• [Required work] The material below holds the lines to copy: from the one with "West 29th Street&" up to and including the one with "Bald Eagle Area". Copy them exactly and skip the pictures.

• [Available records]
......

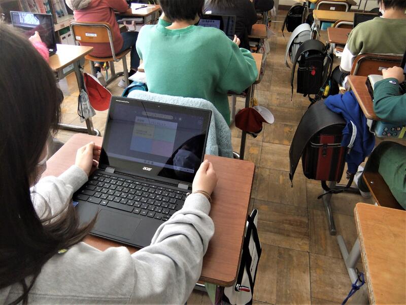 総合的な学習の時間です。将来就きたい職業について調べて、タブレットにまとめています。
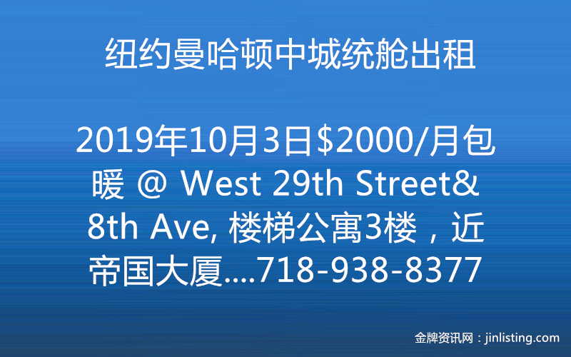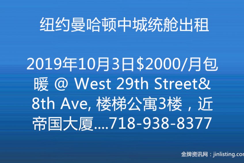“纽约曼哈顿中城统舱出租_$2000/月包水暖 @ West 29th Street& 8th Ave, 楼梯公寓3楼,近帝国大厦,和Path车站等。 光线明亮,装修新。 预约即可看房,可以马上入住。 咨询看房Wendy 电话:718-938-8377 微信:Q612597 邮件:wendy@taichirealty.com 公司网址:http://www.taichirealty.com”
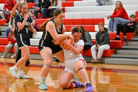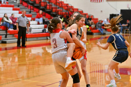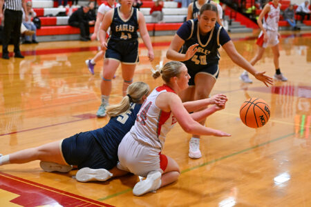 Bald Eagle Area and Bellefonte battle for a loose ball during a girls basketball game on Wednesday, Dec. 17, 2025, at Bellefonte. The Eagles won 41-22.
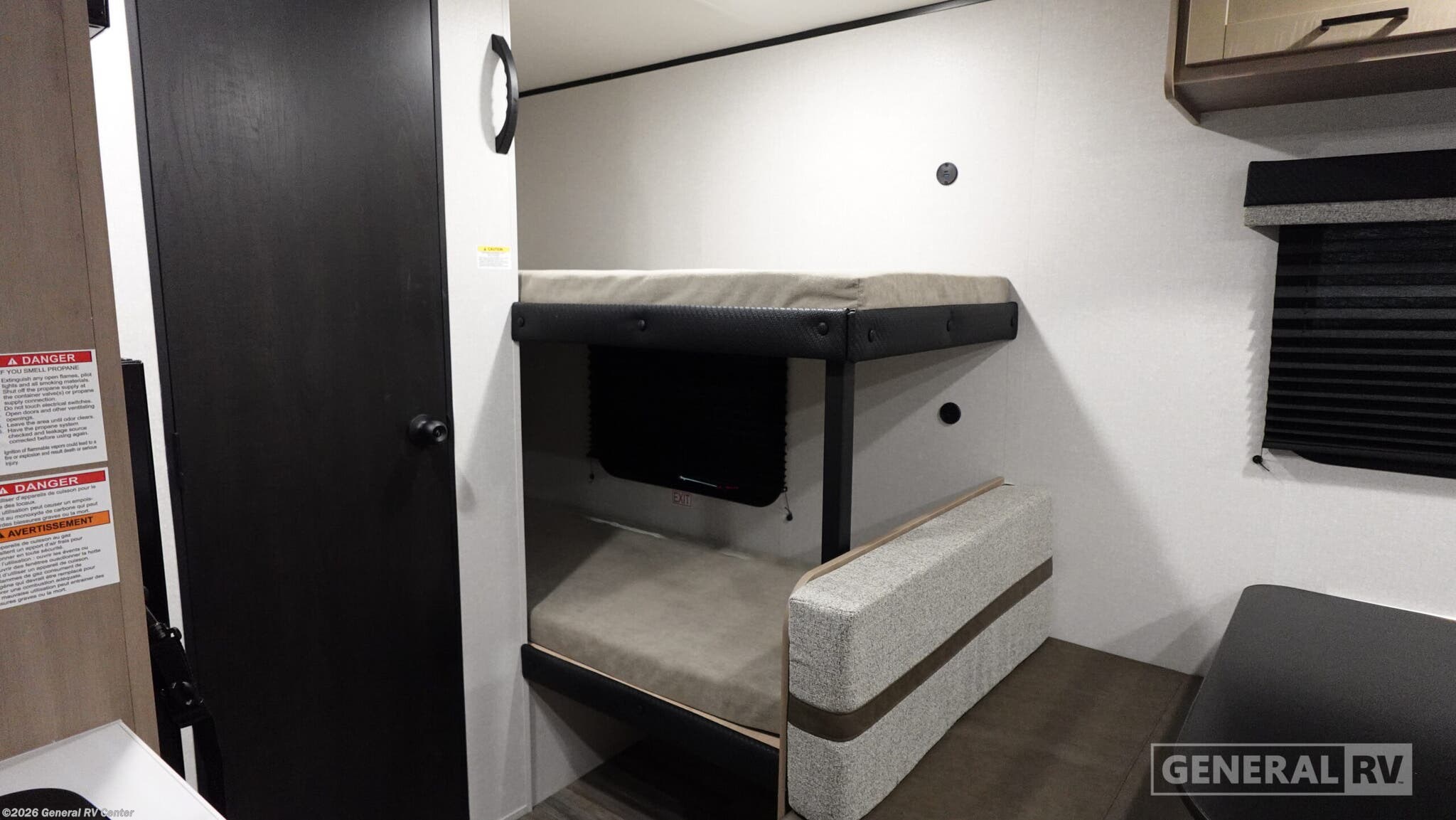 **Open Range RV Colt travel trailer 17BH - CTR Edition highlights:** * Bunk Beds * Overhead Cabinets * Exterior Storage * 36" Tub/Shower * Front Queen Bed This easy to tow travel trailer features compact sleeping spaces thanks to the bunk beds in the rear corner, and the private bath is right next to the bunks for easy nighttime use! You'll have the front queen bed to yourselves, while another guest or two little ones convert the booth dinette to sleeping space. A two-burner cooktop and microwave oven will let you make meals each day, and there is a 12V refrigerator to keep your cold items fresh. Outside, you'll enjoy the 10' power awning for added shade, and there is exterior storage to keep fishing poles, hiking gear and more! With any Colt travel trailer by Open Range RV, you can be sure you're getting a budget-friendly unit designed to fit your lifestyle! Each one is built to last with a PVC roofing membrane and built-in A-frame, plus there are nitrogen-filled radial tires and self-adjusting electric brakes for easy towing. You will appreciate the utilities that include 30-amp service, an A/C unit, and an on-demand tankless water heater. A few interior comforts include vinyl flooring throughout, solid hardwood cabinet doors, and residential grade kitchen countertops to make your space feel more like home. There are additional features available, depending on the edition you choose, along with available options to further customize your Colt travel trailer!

......

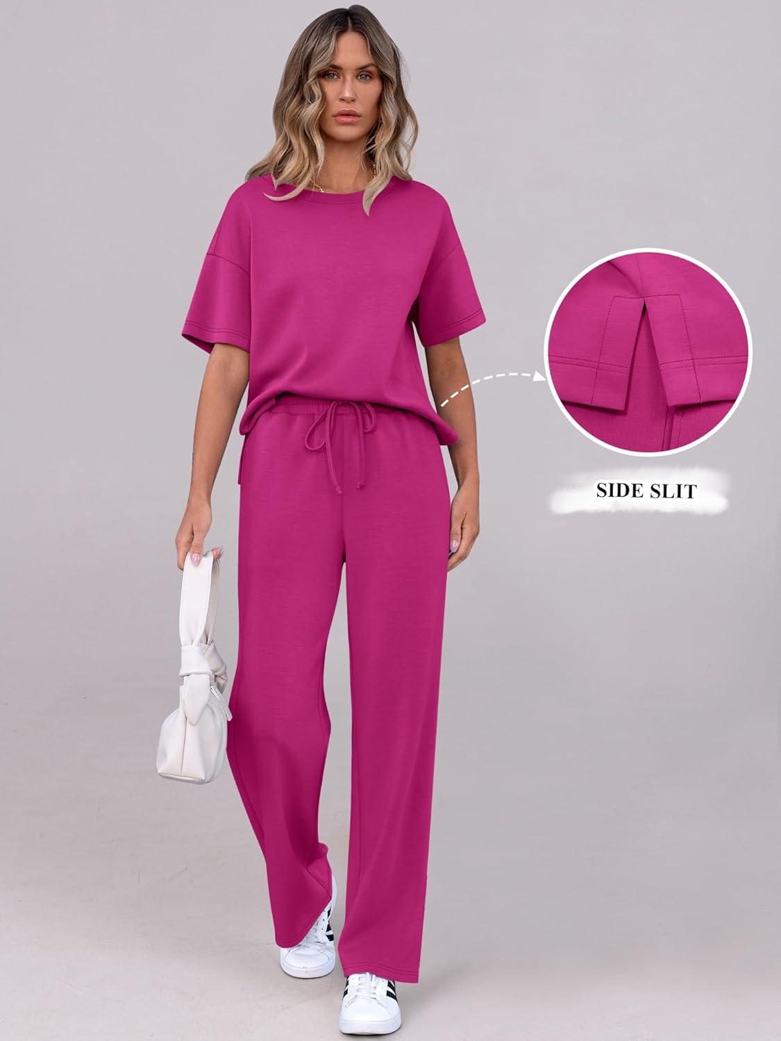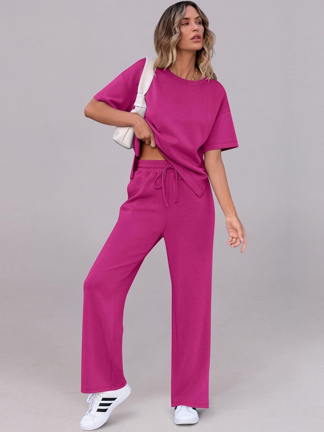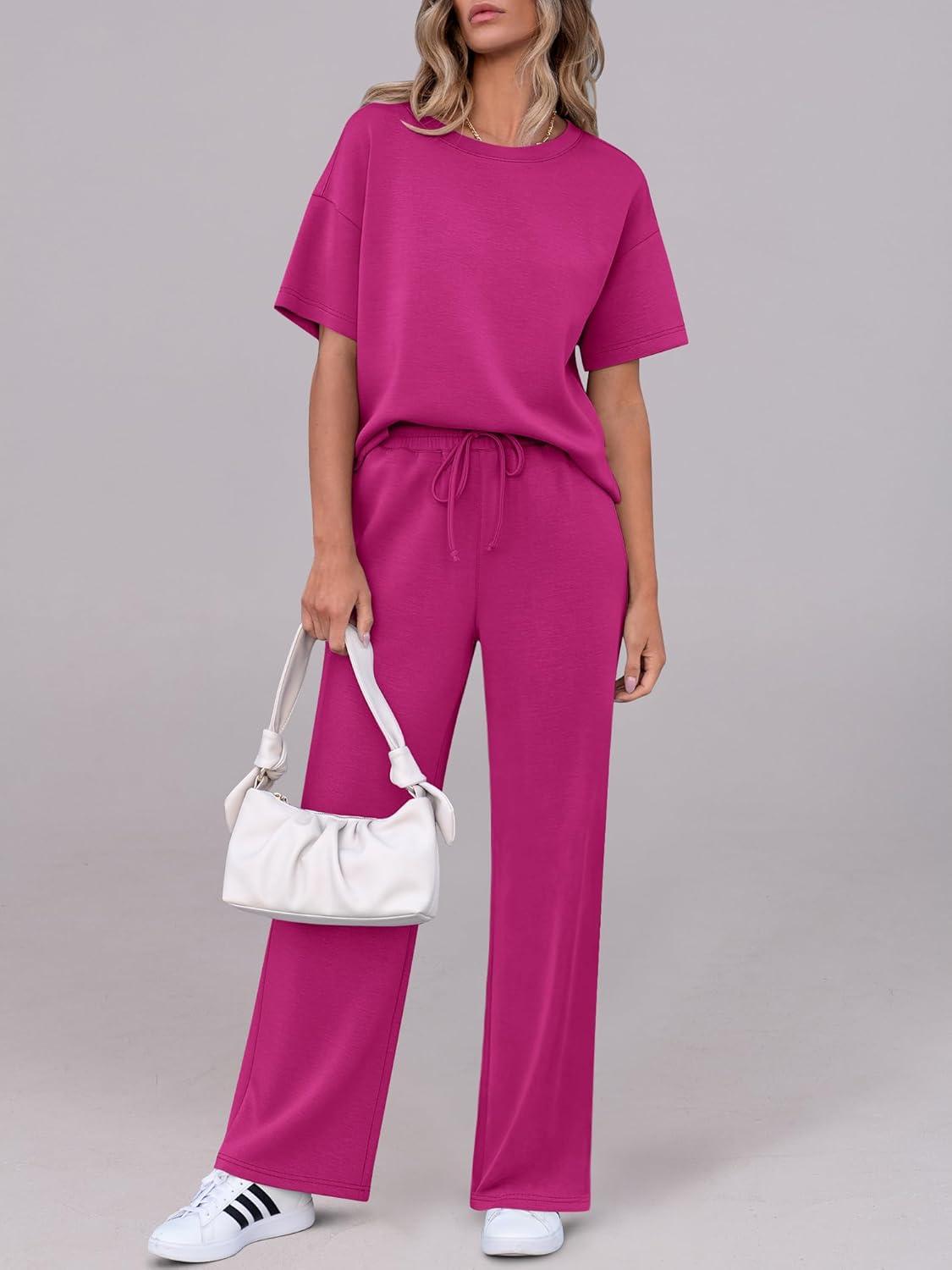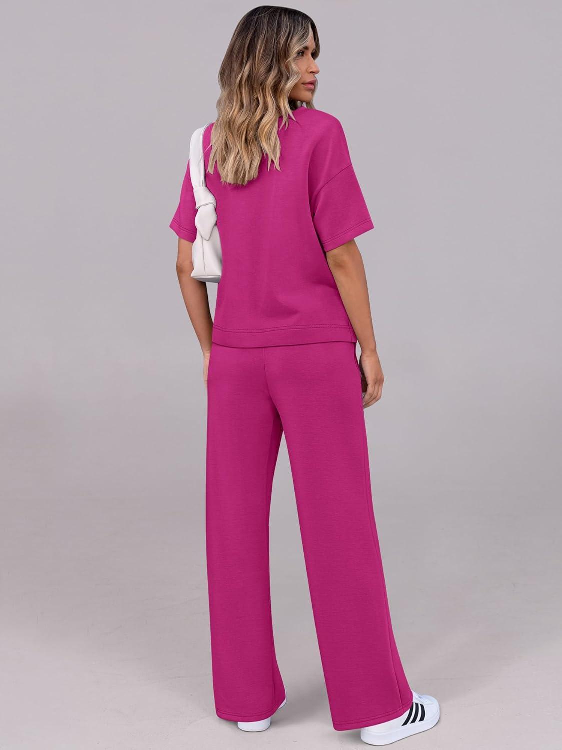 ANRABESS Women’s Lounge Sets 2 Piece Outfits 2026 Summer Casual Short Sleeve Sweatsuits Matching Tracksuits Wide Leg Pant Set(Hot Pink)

......

• [Task response]
“纽约曼哈顿中城统舱出租_$2000/月包水暖 @ West 29th Street& 8th Ave, 楼梯公寓3楼,近帝国大厦,和Path车站等。 光线明亮,装修新。 预约即可看房,可以马上入住。 咨询看房Wendy 电话:718-938-8377 微信:Q612597 邮件:wendy@taichirealty.com 公司网址:http://www.taichirealty.com”
 Bald Eagle Area and Bellefonte battle for a loose ball during a girls basketball game on Wednesday, Dec. 17, 2025, at Bellefonte. The Eagles won 41-22.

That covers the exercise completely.